== PROVIDED DATA ==
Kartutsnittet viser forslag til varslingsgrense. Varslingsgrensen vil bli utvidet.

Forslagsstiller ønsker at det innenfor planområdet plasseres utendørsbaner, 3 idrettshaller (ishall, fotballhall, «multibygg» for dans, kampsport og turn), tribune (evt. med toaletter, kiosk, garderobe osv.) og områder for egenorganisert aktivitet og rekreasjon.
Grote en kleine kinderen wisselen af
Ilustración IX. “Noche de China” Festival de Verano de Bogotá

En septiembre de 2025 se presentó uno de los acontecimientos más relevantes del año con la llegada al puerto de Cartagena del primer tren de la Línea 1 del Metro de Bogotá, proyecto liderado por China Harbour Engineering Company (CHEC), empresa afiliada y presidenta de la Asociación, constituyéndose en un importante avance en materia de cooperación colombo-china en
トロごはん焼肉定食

---

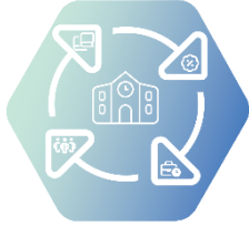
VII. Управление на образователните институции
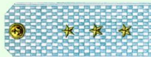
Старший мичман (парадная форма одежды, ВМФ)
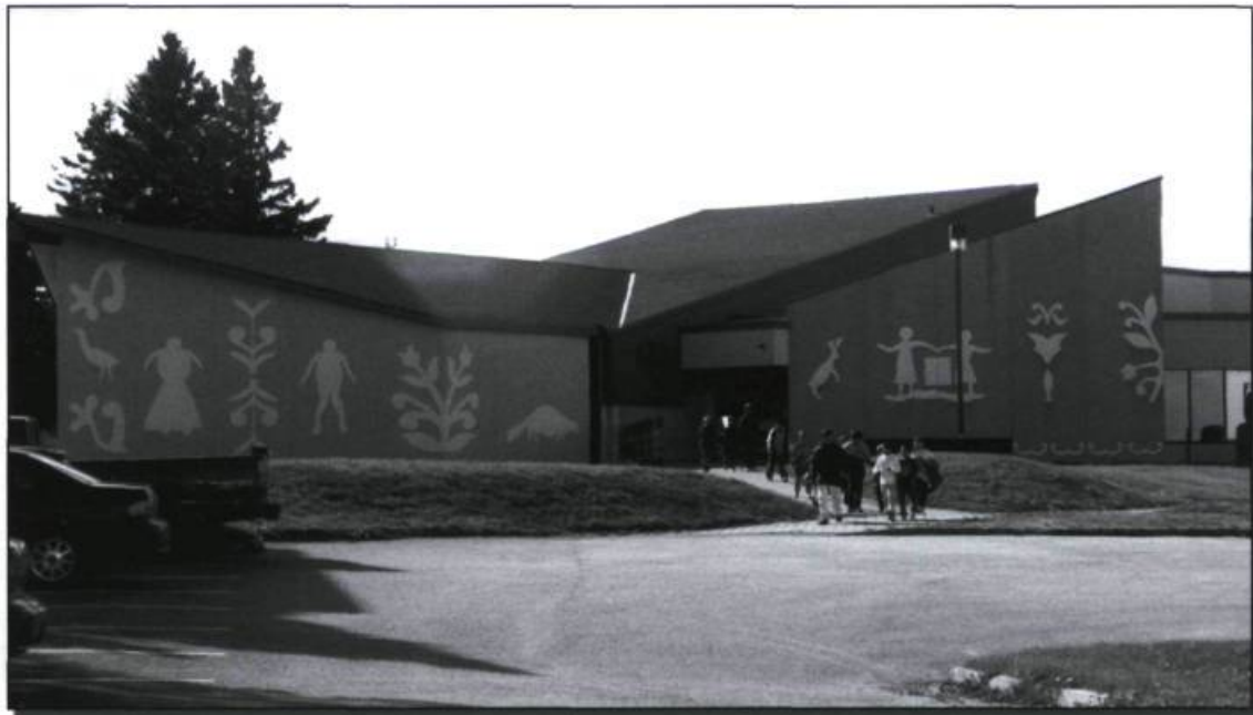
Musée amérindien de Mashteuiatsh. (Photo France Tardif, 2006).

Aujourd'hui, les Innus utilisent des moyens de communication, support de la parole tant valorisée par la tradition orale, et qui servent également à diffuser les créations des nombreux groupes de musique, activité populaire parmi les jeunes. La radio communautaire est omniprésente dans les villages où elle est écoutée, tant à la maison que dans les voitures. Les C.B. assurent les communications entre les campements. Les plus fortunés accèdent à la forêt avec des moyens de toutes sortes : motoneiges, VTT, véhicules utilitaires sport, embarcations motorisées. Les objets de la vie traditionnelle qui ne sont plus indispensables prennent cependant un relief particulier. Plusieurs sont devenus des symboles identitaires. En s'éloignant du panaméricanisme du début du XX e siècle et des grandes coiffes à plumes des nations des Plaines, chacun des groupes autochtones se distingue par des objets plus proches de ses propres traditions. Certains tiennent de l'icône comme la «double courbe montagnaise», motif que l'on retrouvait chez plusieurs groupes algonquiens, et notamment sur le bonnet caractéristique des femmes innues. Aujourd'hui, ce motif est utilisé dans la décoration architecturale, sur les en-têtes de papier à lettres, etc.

== EXERCISE REQUIREMENTS ==
Look through the records and copy down every line that holds "China".

== YOUR SOLUTION ==
Ilustración IX. “Noche de China” Festival de Verano de Bogotá
En septiembre de 2025 se presentó uno de los acontecimientos más relevantes del año con la llegada al puerto de Cartagena del primer tren de la Línea 1 del Metro de Bogotá, proyecto liderado por China Harbour Engineering Company (CHEC), empresa afiliada y presidenta de la Asociación, constituyéndose en un importante avance en materia de cooperación colombo-china en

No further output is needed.